Background

Pre-eclampsia (PE) affects approximately 3–5% of pregnant women [1], and this prevalence varies from country to country. It has been reported that the prevalence of PE is 4% in low- and middle-income countries [2] and 2.8% in China [3]. Although its prevalence is low, PE can cause substantial maternal and perinatal morbidity and mortality [4]. When left untreated, severe complications of PE, such as eclampsia, stroke, pulmonary oedema or kidney failure, can develop, and they can all be fatal [5]. Moreover, PE is also associated with preterm birth, foetal growth restriction and babies who are small for gestational age (SGA) [1]. Once PE develops, the only effective treatment is prompt delivery, with serious neonatal harm when far from term (< 34 weeks of gestation) [6]. Therefore, it is necessary to determine an effective early identification strategy and undertake a preventive measure for women at high risk of PE in order to reduce the prevalence of the complication.

For the early prevention of PE, the most consistent and promising prophylactic agent appears to be low-dose aspirin (LDA) [6]. Aspirin has become one of the most commonly used drugs, given its role as an analgesic, antipyretic and cardiovascular prophylactic agent.
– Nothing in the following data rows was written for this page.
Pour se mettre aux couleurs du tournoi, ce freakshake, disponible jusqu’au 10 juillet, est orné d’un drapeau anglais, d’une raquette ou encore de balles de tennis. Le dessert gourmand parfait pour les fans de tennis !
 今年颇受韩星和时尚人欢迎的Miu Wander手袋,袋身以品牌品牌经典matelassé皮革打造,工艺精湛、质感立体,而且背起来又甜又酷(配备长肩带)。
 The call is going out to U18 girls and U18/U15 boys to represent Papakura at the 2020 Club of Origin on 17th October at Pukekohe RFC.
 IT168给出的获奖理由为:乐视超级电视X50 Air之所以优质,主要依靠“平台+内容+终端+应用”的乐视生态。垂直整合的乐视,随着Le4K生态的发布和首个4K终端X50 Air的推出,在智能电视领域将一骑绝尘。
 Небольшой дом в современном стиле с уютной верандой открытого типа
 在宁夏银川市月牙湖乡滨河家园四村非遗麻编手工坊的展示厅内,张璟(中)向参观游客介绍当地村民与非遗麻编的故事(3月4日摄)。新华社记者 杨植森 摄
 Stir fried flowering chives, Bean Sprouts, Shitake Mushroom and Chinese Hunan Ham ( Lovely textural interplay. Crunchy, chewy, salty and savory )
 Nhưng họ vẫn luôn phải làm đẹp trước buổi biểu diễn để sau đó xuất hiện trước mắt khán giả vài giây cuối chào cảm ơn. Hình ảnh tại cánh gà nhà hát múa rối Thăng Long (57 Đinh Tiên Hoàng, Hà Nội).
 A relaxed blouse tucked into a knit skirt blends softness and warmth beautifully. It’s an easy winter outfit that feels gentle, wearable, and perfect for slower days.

Studies have shown that aspirin can decrease the occurrence of pregnancy disorders, including PE [7], preterm birth and foetal growth restriction [8], on the basis of its anti-inflammatory and anti-thrombotic effects. One of the mechanisms by which aspirin exerts its beneficial effect is the selective inhibition of thromboxane synthesis without affecting prostacyclin synthesis, thus restoring a balance between thromboxane and prostacyclin [9, 10]. Besides, aspirin seems to improve defective trophoblast syncytialization by altering the production of specific cytokines, decreasing apoptosis and altering cell aggregation and fusion [11]. Moreover, in hypoxic conditions, aspirin can inhibit the expression of soluble fms-like tyrosine kinase 1 (sFlt1) in human trophoblasts and thus shows pro-angiogenic activity [12].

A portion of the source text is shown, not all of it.